DATASET
----

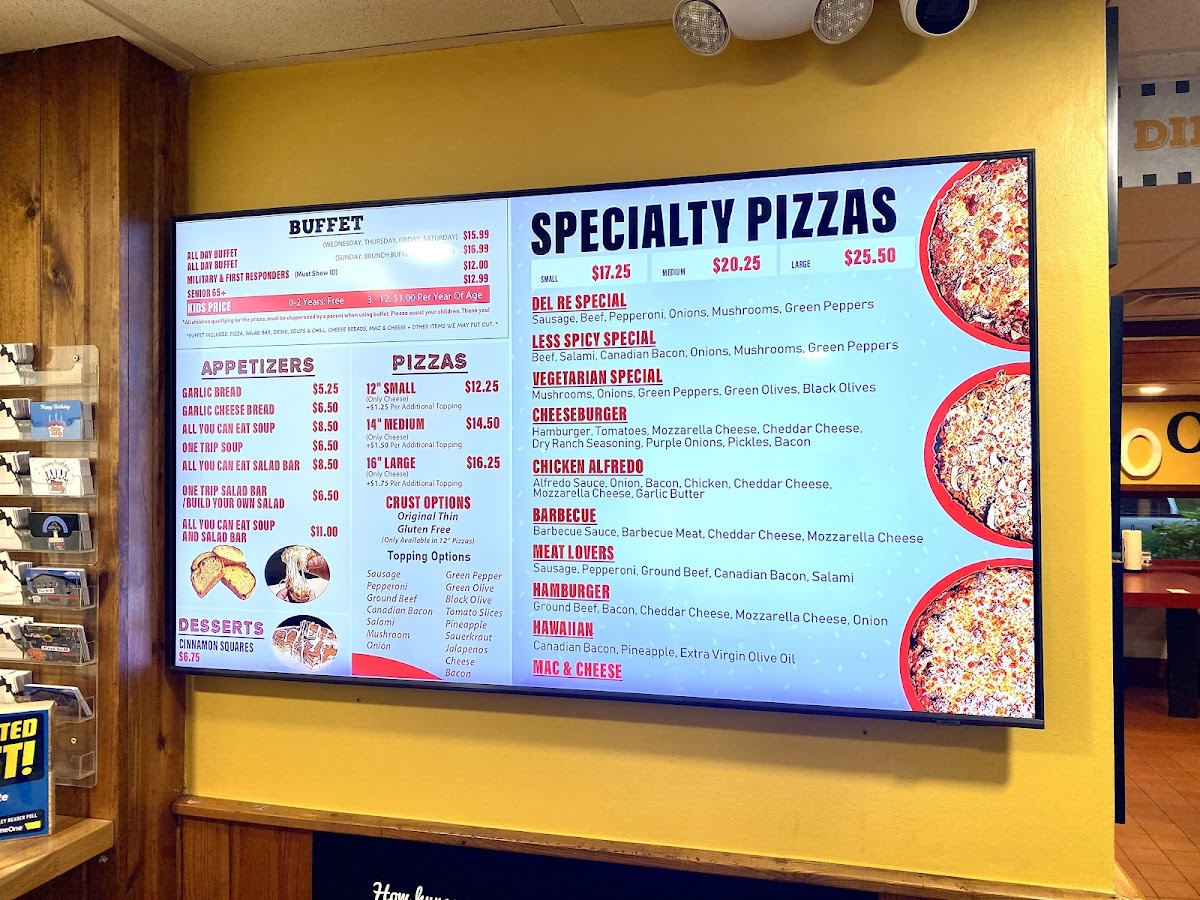 Large pie topped with juicy hamburger, fresh tomatoes, mozzarella, cheddar cheese, dry ranch seasoning, purple onions, pickles, and crispy bacon. A burger-inspired pizza packed with flavor!
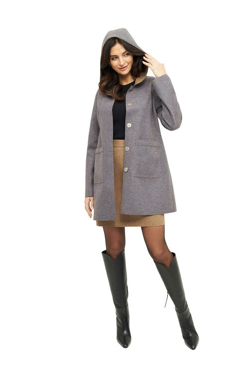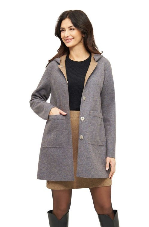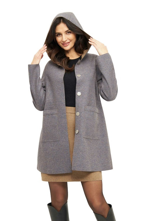 Das elegante Design mit Kapuze und großen Taschen lässt sich dank des Wendekonzepts vielseitig stylen – zwei Looks in einem Mantel für maximale Flexibilität.
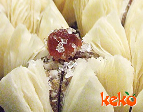 9.把生坯分批分开排放在漏勺中,下入三至四成热的油锅中,炸至花瓣开放,酥层清晰成熟,取出装盘;
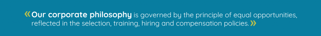 (103-2) Starting with the first interaction with people, in the attraction, recruitment, and selection process, we have policies and strategies that ensure equal opportunities and allow us the linking of suitable talents who not only have technical skills, but who share our corporate principles and values and, above all, it guarantees that they are excellent human beings.
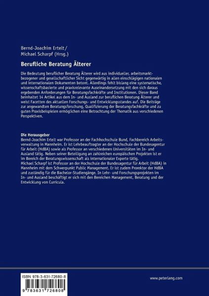 Bernd-Joachim Ertelt war Professor an der Fachhochschule Bund, Fachbereich Arbeitsverwaltung in Mannheim. Er ist Lehrbeauftragter an der Hochschule der Bundesagentur für Arbeit (HdBA) sowie als Professor an verschiedenen Universitäten im In- und Ausland tätig. Neben seiner Beteiligung an zahlreichen europäischen Projekten ist er im Bereich der Beratungswissenschaft als internationaler Experte tätig. Michael Scharpf ist Professor an der Hochschule der Bundesagentur für Arbeit (HdBA) in Mannheim mit dem Schwerpunkt Public Management. Er ist zudem Prorektor der HdBA und zuständig für die Bachelor-Studiengänge. In Lehr- und Forschungsprojekten im In- und Ausland beschäftigt er sich mit den Bereichen Management, Beratung und der Entwicklung von Curricula.
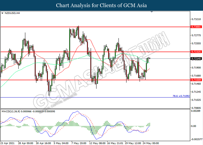 NZDUSD, H4: NZDUSD telah didagang dengan lebih tinggi selepas ia melantun dari tahap sokongan 0.7155. MACD yang memaparkan momentum bullish mencadangkan pasangan ini untuk melanjutkan keuntungannya ke arah tahap rintangan 0.7235.
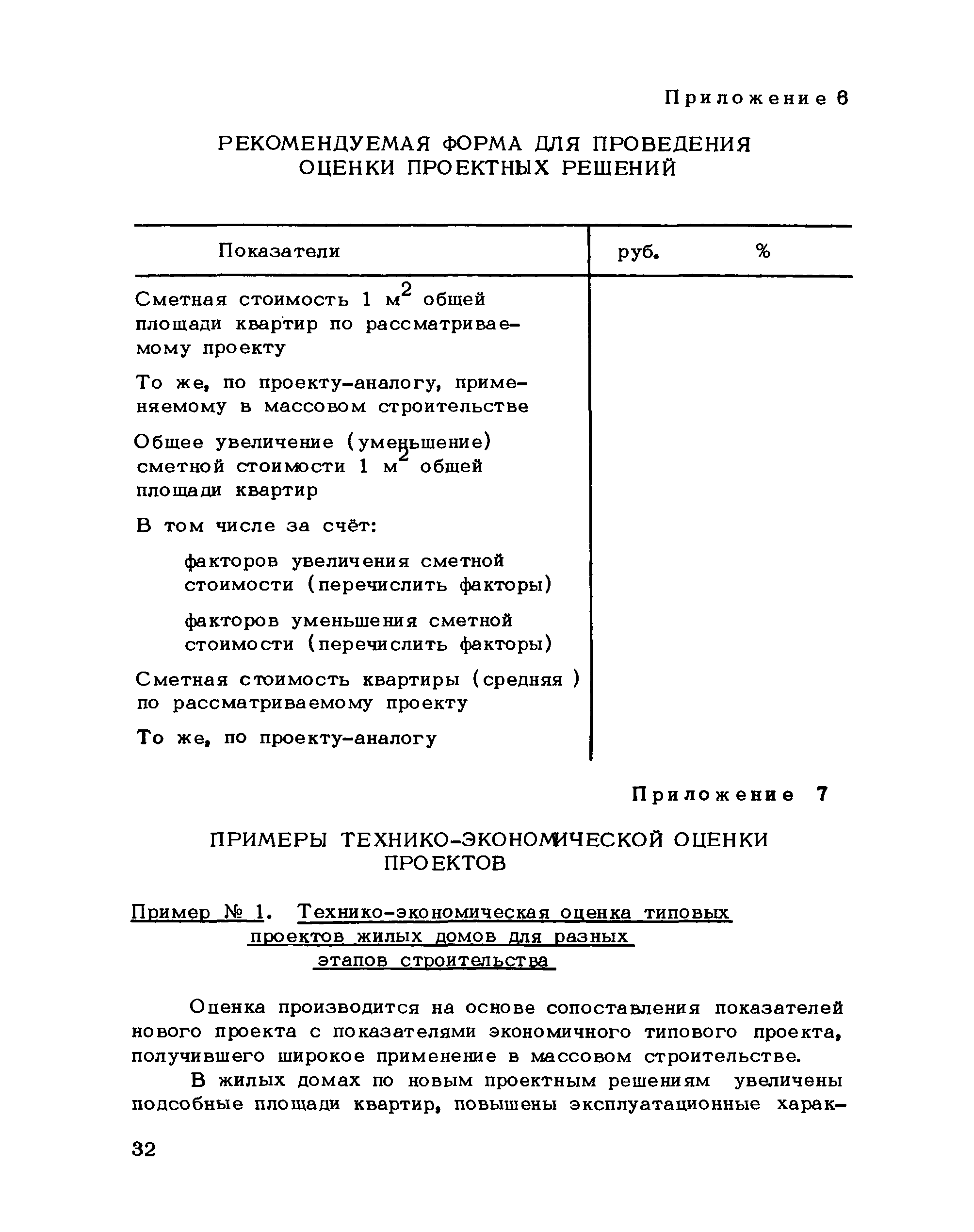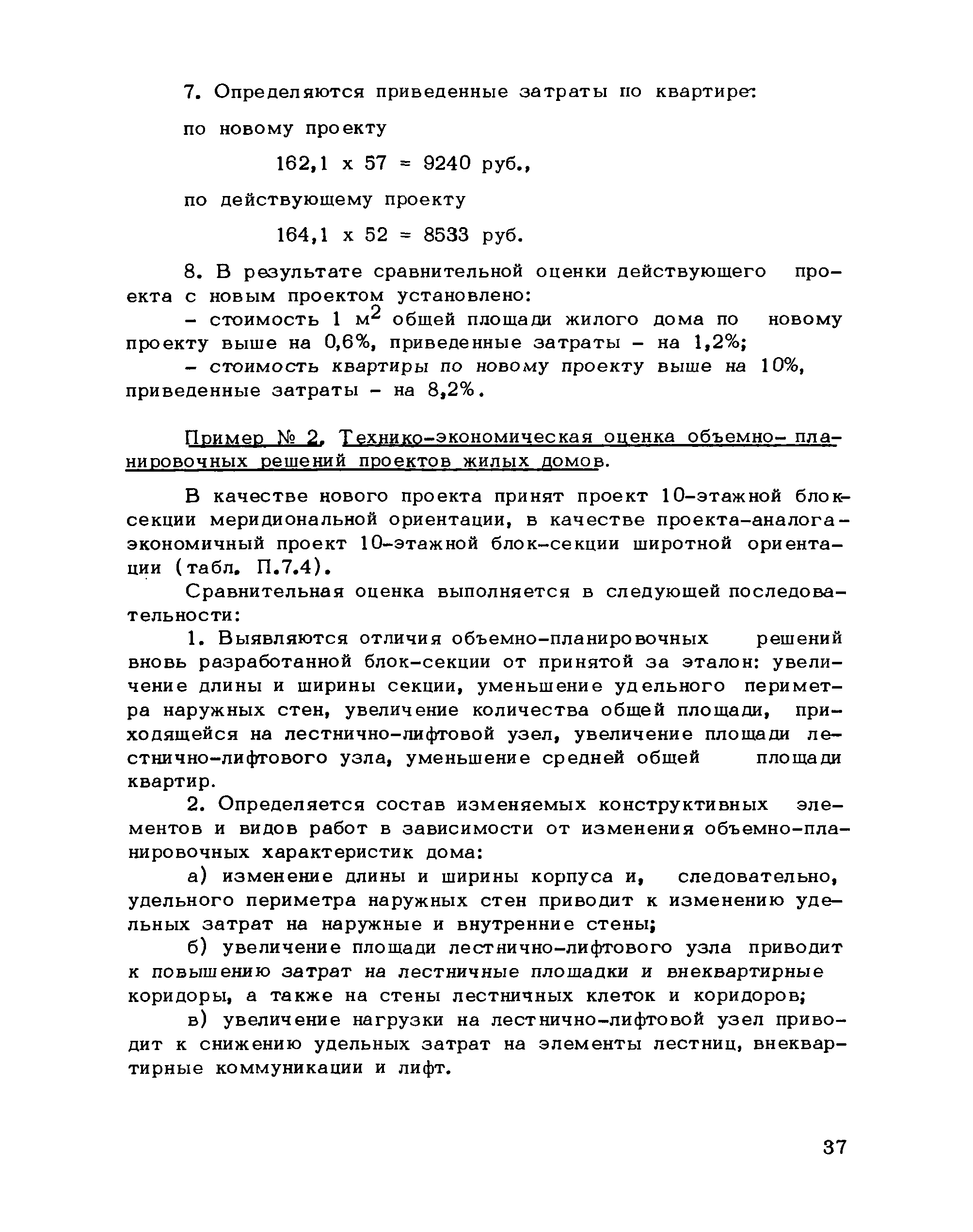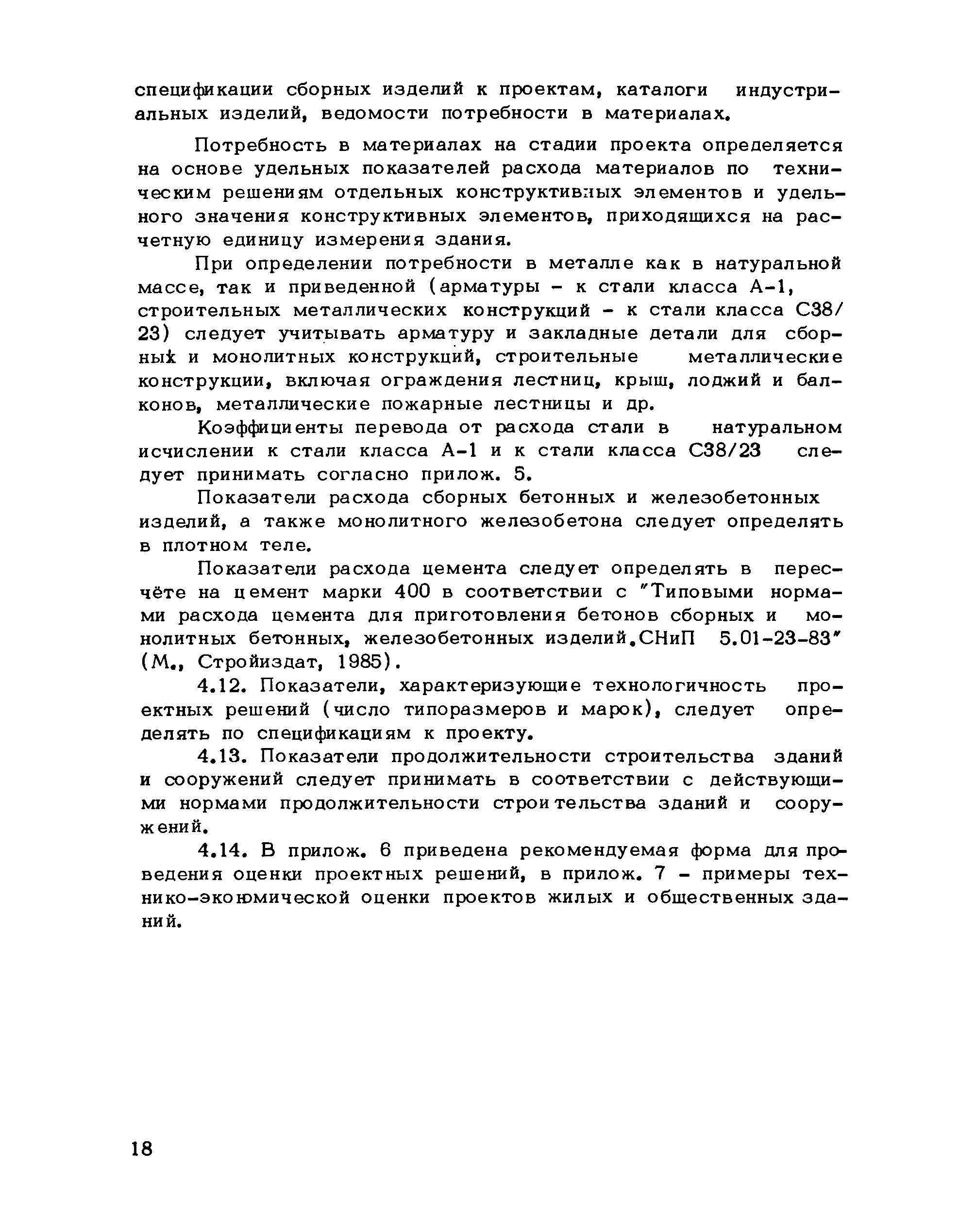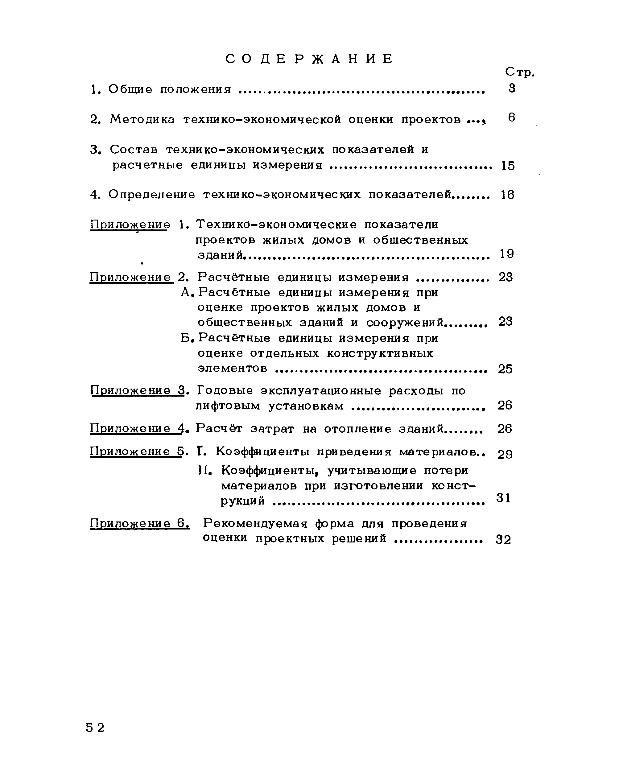 | Оглавление: | 1. Общие положения 2. Методика технико-экономической оценки проектов 3. Состав технико-экономических показателей и расчетные единицы измерения 4. Определение технико-экономических показателей Приложение 1. Технико-экономические показатели проектов жилых домов и общественных зданий Приложение 2. Расчётные единицы измерения А. Расчётные единицы измерения при оценке проектов жилых домов и общественных зданий и сооружений Б. Расчётные единицы измерения при оценке отдельных конструктивных элементов Приложение 3. Годовые эксплуатационные расходы по лифтовым установкам Приложение 4. Расчет затрат на отопление зданий Приложение 5. I. Коэффициенты приведения материалов II. Коэффициенты, учитывающие потери материалов при изготовлении конструкций Приложение 6. Рекомендуемая норма для проведения оценки проектных решений Приложение 7. Примеры технико-экономической оценки проектов Пример 1. Технико-экономическая оценка типовых проектов жилых домов для разных этапов строительства Пример 2. Технико-экономическая оценка объемно-планировочных решений проектов жилых домов Пример 3. Технико-экономическая оценка жилых домов усадебного типа Пример 4. Технико-экономическая оценка нового типового проекта детского дошкольного учреждения Пример 5. Технико-экономическая оценка типового проекта школы |

----

REQUIREMENT
Output the complete listing exactly as it appears, except for the images.

ANSWER BELOW
 Large pie topped with juicy hamburger, fresh tomatoes, mozzarella, cheddar cheese, dry ranch seasoning, purple onions, pickles, and crispy bacon. A burger-inspired pizza packed with flavor!
 Das elegante Design mit Kapuze und großen Taschen lässt sich dank des Wendekonzepts vielseitig stylen – zwei Looks in einem Mantel für maximale Flexibilität.
 9.把生坯分批分开排放在漏勺中,下入三至四成热的油锅中,炸至花瓣开放,酥层清晰成熟,取出装盘;
 (103-2) Starting with the first interaction with people, in the attraction, recruitment, and selection process, we have policies and strategies that ensure equal opportunities and allow us the linking of suitable talents who not only have technical skills, but who share our corporate principles and values and, above all, it guarantees that they are excellent human beings.
 Bernd-Joachim Ertelt war Professor an der Fachhochschule Bund, Fachbereich Arbeitsverwaltung in Mannheim. Er ist Lehrbeauftragter an der Hochschule der Bundesagentur für Arbeit (HdBA) sowie als Professor an verschiedenen Universitäten im In- und Ausland tätig. Neben seiner Beteiligung an zahlreichen europäischen Projekten ist er im Bereich der Beratungswissenschaft als internationaler Experte tätig. Michael Scharpf ist Professor an der Hochschule der Bundesagentur für Arbeit (HdBA) in Mannheim mit dem Schwerpunkt Public Management. Er ist zudem Prorektor der HdBA und zuständig für die Bachelor-Studiengänge. In Lehr- und Forschungsprojekten im In- und Ausland beschäftigt er sich mit den Bereichen Management, Beratung und der Entwicklung von Curricula.
 NZDUSD, H4: NZDUSD telah didagang dengan lebih tinggi selepas ia melantun dari tahap sokongan 0.7155. MACD yang memaparkan momentum bullish mencadangkan pasangan ini untuk melanjutkan keuntungannya ke arah tahap rintangan 0.7235.
 | Оглавление: | 1. Общие положения 2. Методика технико-экономической оценки проектов 3. Состав технико-экономических показателей и расчетные единицы измерения 4. Определение технико-экономических показателей Приложение 1. Технико-экономические показатели проектов жилых домов и общественных зданий Приложение 2. Расчётные единицы измерения А. Расчётные единицы измерения при оценке проектов жилых домов и общественных зданий и сооружений Б. Расчётные единицы измерения при оценке отдельных конструктивных элементов Приложение 3. Годовые эксплуатационные расходы по лифтовым установкам Приложение 4. Расчет затрат на отопление зданий Приложение 5. I. Коэффициенты приведения материалов II. Коэффициенты, учитывающие потери материалов при изготовлении конструкций Приложение 6. Рекомендуемая норма для проведения оценки проектных решений Приложение 7. Примеры технико-экономической оценки проектов Пример 1. Технико-экономическая оценка типовых проектов жилых домов для разных этапов строительства Пример 2. Технико-экономическая оценка объемно-планировочных решений проектов жилых домов Пример 3. Технико-экономическая оценка жилых домов усадебного типа Пример 4. Технико-экономическая оценка нового типового проекта детского дошкольного учреждения Пример 5. Технико-экономическая оценка типового проекта школы |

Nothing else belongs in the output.